# [Listed entries]
* * * *

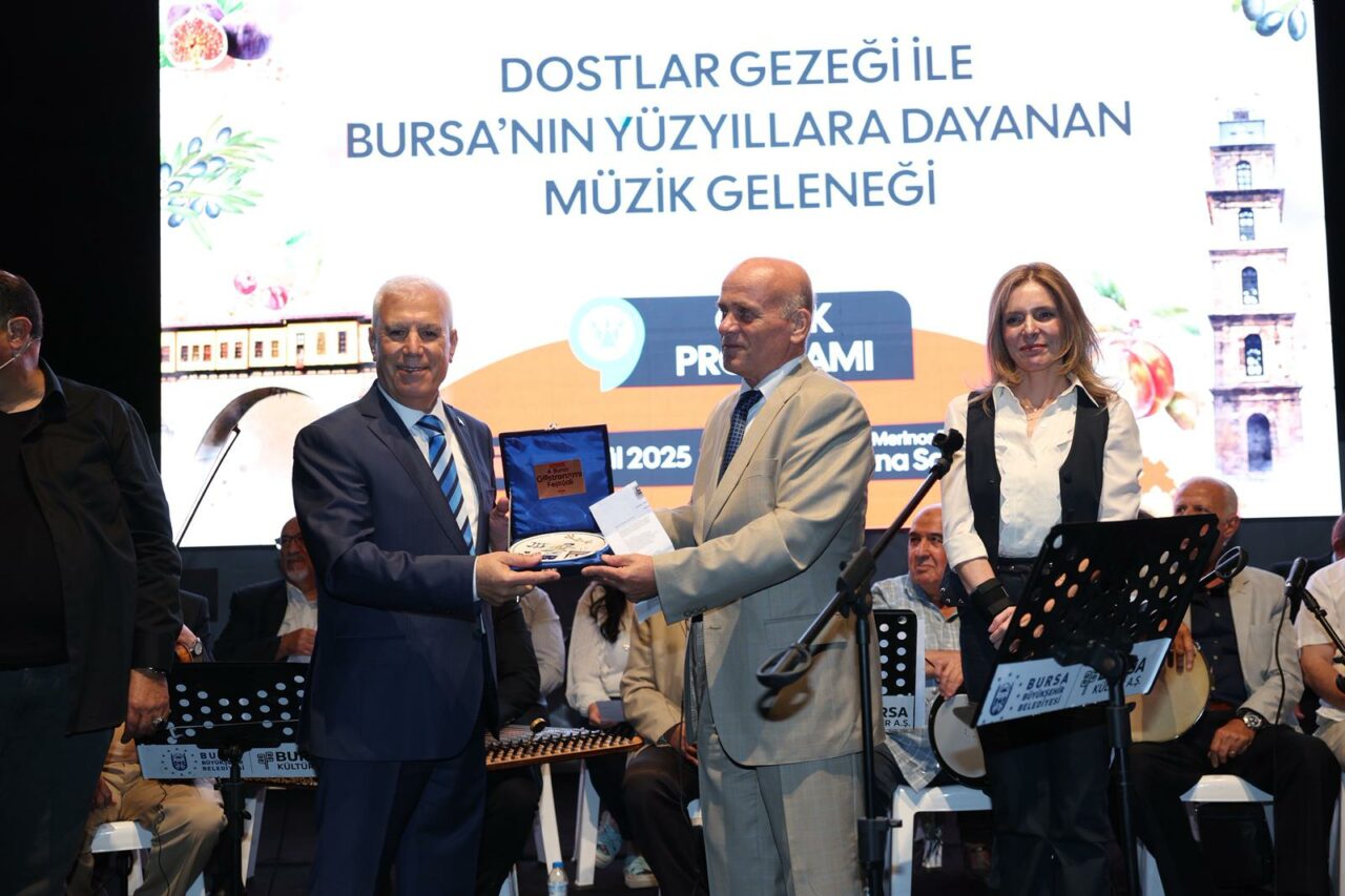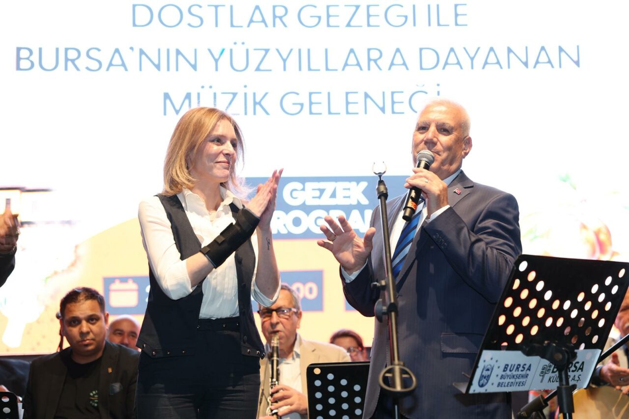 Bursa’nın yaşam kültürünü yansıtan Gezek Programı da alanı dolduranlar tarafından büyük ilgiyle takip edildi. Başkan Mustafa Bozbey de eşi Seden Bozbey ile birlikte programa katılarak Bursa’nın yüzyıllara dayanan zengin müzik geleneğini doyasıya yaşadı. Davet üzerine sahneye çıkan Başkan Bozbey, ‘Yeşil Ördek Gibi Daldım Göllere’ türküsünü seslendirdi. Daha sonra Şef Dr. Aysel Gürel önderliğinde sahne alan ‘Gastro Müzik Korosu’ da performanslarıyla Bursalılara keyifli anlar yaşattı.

* * * *

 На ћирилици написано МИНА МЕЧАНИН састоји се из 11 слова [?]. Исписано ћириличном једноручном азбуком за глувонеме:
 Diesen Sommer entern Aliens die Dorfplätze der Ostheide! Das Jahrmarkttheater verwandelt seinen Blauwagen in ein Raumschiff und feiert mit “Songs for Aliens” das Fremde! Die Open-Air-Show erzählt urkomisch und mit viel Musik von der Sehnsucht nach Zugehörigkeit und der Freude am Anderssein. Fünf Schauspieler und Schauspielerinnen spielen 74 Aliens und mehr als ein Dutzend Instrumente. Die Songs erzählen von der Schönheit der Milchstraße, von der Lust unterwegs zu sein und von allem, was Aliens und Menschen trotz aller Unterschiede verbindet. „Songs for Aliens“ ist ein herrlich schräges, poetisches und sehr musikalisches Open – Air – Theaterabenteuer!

* * * *

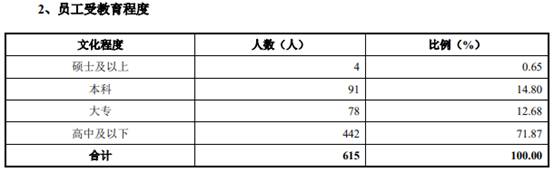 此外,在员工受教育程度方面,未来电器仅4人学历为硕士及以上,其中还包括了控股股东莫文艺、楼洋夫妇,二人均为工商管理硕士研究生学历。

* * * *

# [Exercise]
Please give back exactly the lines of the listing above that run from the one containing "На ћирилици написано" through the one containing "Diesen Sommer entern", and only those.

# [Solution to this problem]
 На ћирилици написано МИНА МЕЧАНИН састоји се из 11 слова [?]. Исписано ћириличном једноручном азбуком за глувонеме:
 Diesen Sommer entern Aliens die Dorfplätze der Ostheide! Das Jahrmarkttheater verwandelt seinen Blauwagen in ein Raumschiff und feiert mit “Songs for Aliens” das Fremde! Die Open-Air-Show erzählt urkomisch und mit viel Musik von der Sehnsucht nach Zugehörigkeit und der Freude am Anderssein. Fünf Schauspieler und Schauspielerinnen spielen 74 Aliens und mehr als ein Dutzend Instrumente. Die Songs erzählen von der Schönheit der Milchstraße, von der Lust unterwegs zu sein und von allem, was Aliens und Menschen trotz aller Unterschiede verbindet. „Songs for Aliens“ ist ein herrlich schräges, poetisches und sehr musikalisches Open – Air – Theaterabenteuer!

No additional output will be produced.